Statistical multifragmentation model with discretized energy and the generalized Fermi breakup. I. Formulation of the model
S.R. Souza, B.V. Carlson, R. Donangelo, W.G. Lynch, and M.B. Tsang

TL;DR
This paper develops an efficient implementation of the statistical multifragmentation model incorporating the generalized Fermi breakup, enabling practical calculations for large, highly excited nuclear systems and comparing results with existing decay codes.
Contribution
It introduces a computationally efficient method based on recursion formulas to apply the generalized Fermi breakup within the statistical multifragmentation model to large systems.
Findings
The new implementation is computationally efficient for large systems.
Predictions are similar to those of the GEMINI++ decay code.

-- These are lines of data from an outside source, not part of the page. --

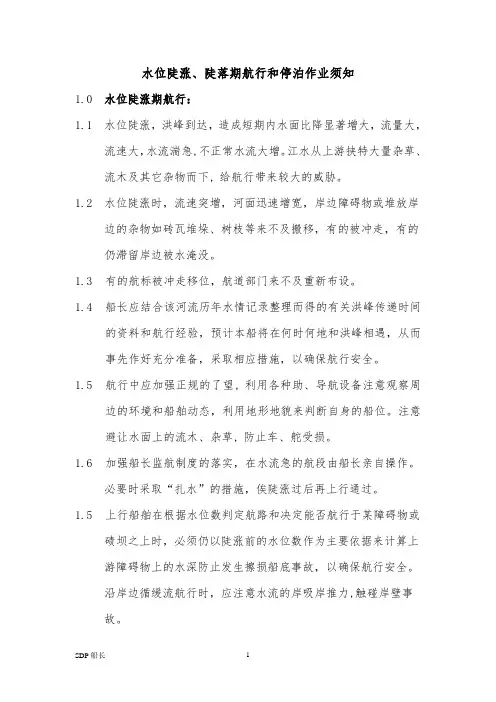 水位陡涨、陡落期航行和停泊作业须知1.0 水位陡涨期航行:1.1 水位陡涨,洪峰到达,造成短期内水面比降显著增大,流量大,流速大,水流湍急,不正常水流大增。
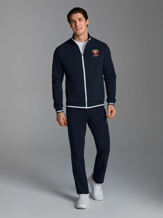 Спортивный костюм из хлопкового трикотажного полотна, в стиле ретро спорт. Карманы куртки и брюк прорезные с листочками и молниями. Посадку по фигуре обеспечивает эластичная трикотажная рибана. Брюки прямого силуэта. Пояс по линии талии регулируется шнурком. На полочке выполнена вышивка герба СССР. На спинке аппликация букв СССР. На брюках вышивка букв СССР.
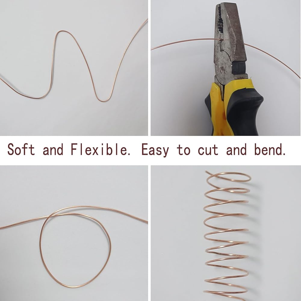 - 【سهولة التعامل】: السلك النحاسي الناعم قوي ومرن. من السهل القطع والشكل والثني واللحام. مثالي للمستخدمين للتصميم والإبداع.
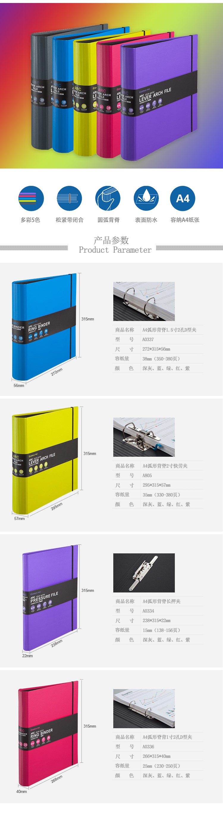 | 齐心A0334,A0336,A0337,A805 弧形脊背长押夹/2孔D型夹/快劳夹 | |||
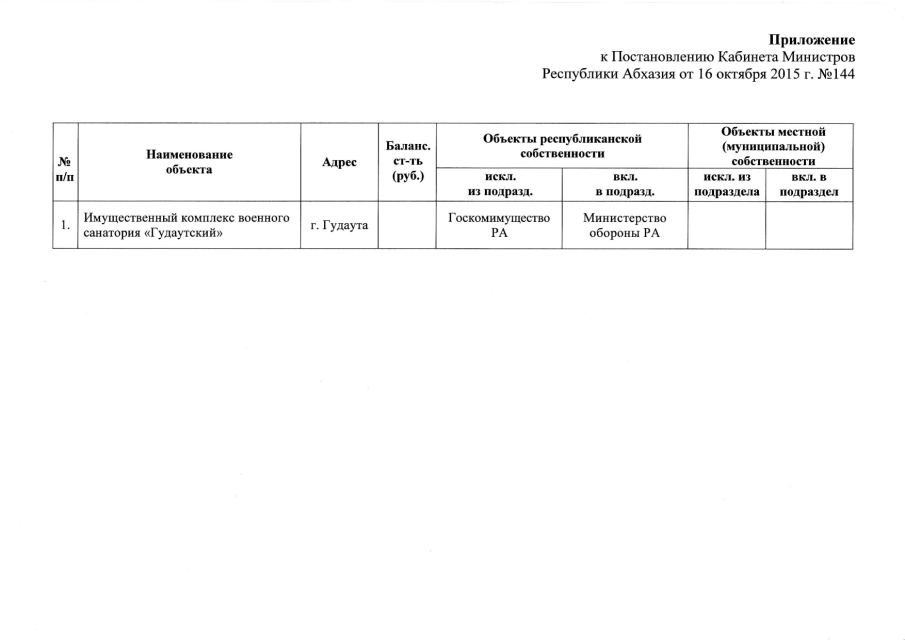 Постановление Кабинета Министров Республики Абхазия от 16.10.2015 № 144 "О внесении изменения в Постановление Кабинета Министров Республики Абхазия от 06.06.2002 года № 117 "О порядке оформления разграничения государственной собственности и формирования Реестра собственности"
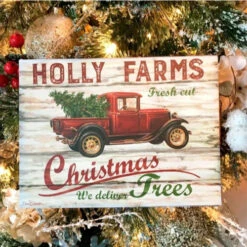 Christmas Central Cream White And Red Holly Farms Rectangular Sign With Rope Hanger 7″ X 10″
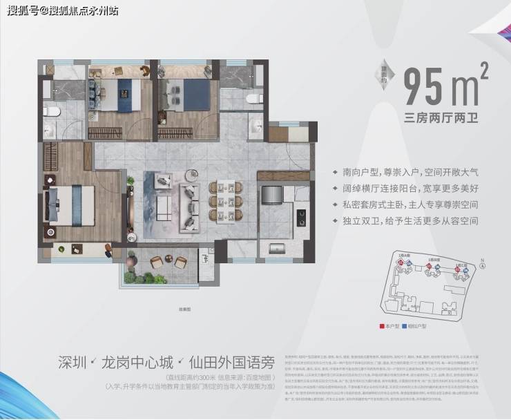 95㎡户型一看就是那种宽敞舒适型的,双卫、入户玄关、横厅、主卧宽敞舒适、两次卧大小均匀,各功能独立性强,这些都是比较讨喜的因素。并且,这个户型的每个卧室也都带有飘窗,利用得当效果更佳。
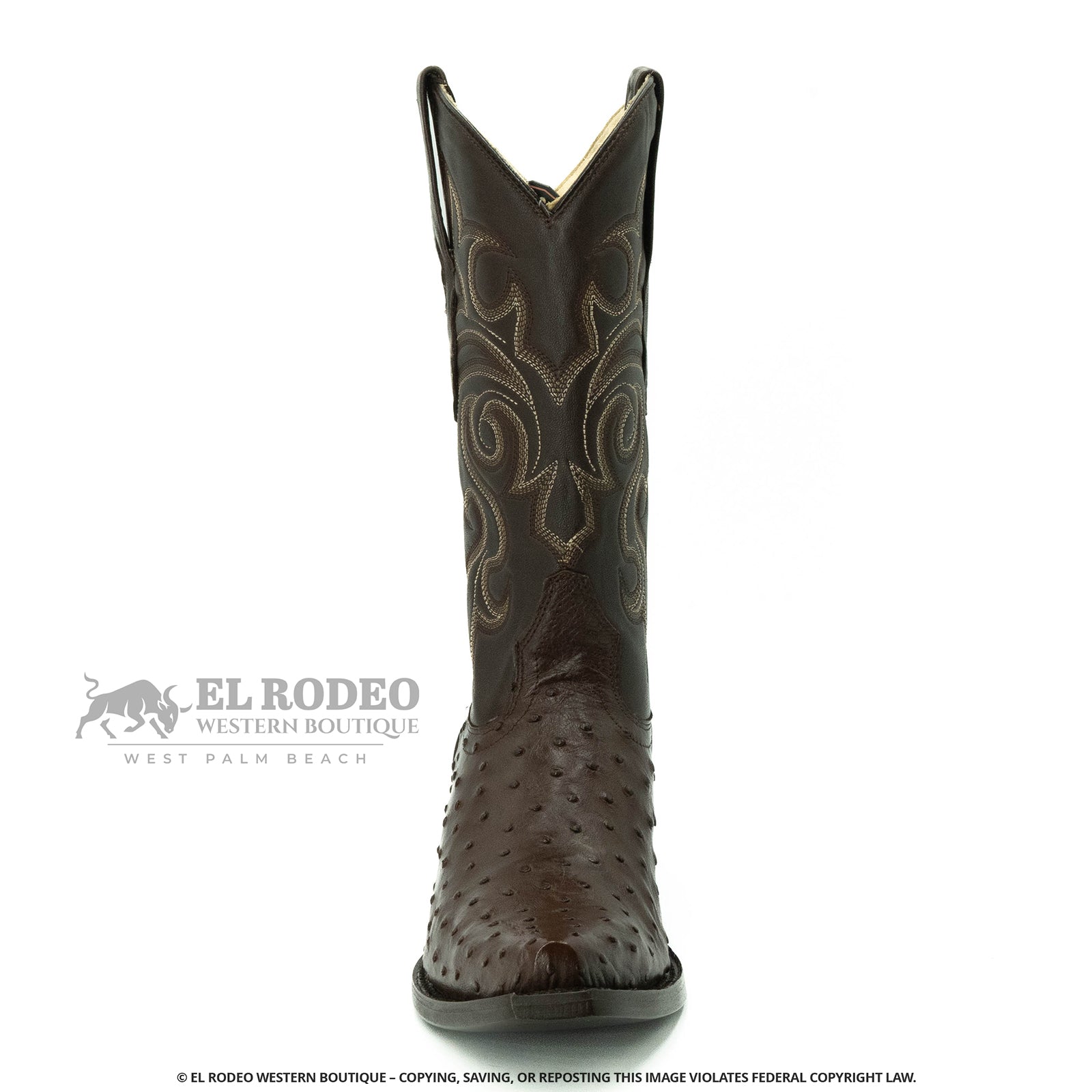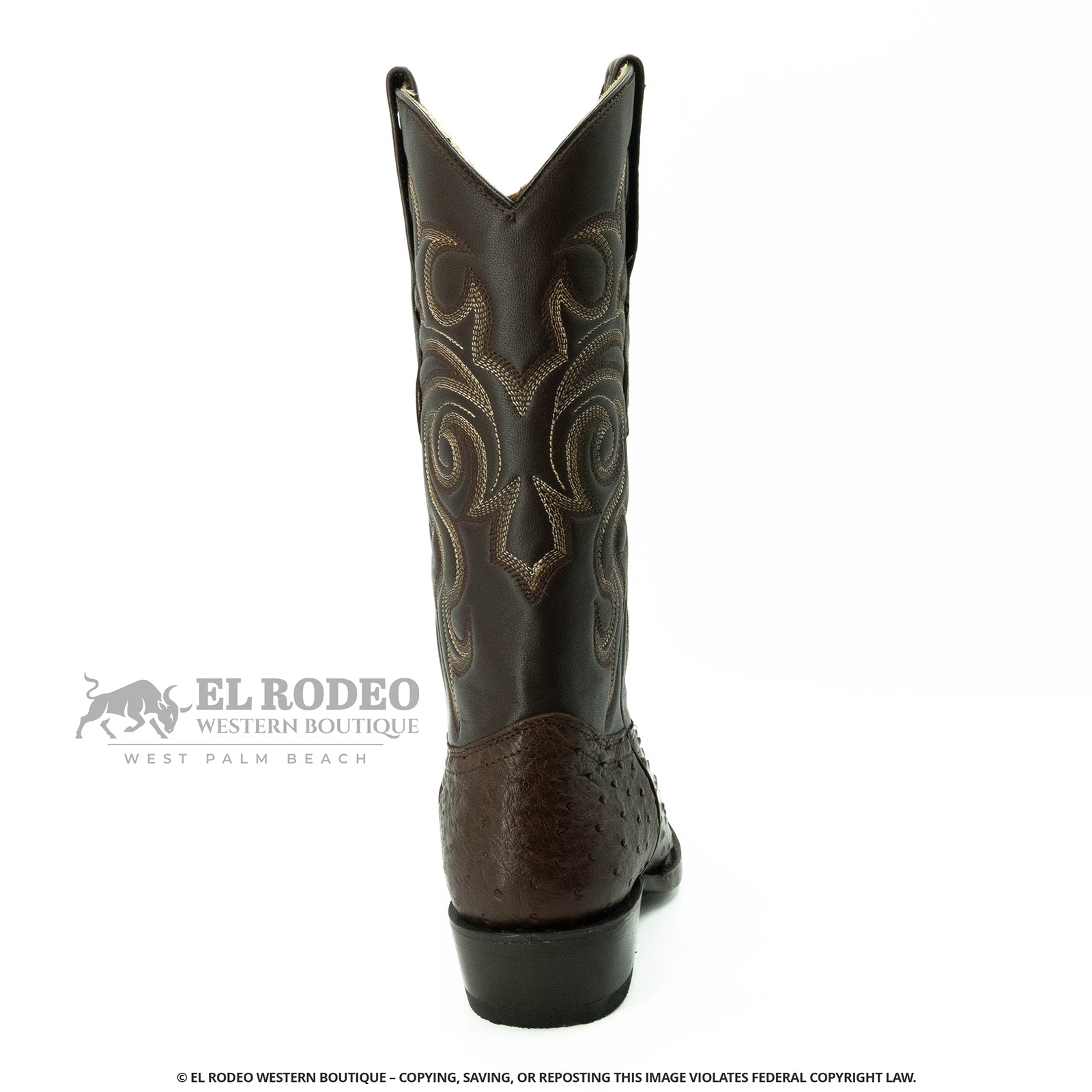 Los Altos full quill ostrich brown leather, snip toe boots mix rich quill texture, leather sole, and easy Western comfort for all day wear from work to weekend rides out.

The model effectively accounts for excited state contributions in nuclear decay simulations.
Abstract
The Generalized Fermi Breakup recently demonstrated to be formally equivalent to the Statistical Multifragmentation Model, if the contribution of excited states are included in the state densities of the former, is implemented. Since this treatment requires the application of the Statistical Multifragmentation Model repeatedly on the hot fragments until they have decayed to their ground states, it becomes extremely computational demanding, making its application to the systems of interest extremely difficult. Based on exact recursion formulae previously developed by Chase and Mekjian to calculate the statistical weights very efficiently, we present an implementation which is efficient enough to allow it to be applied to large systems at high excitation energies. Comparison with the GEMINI++ sequential decay code shows that the predictions obtained with our treatment are fairly similar…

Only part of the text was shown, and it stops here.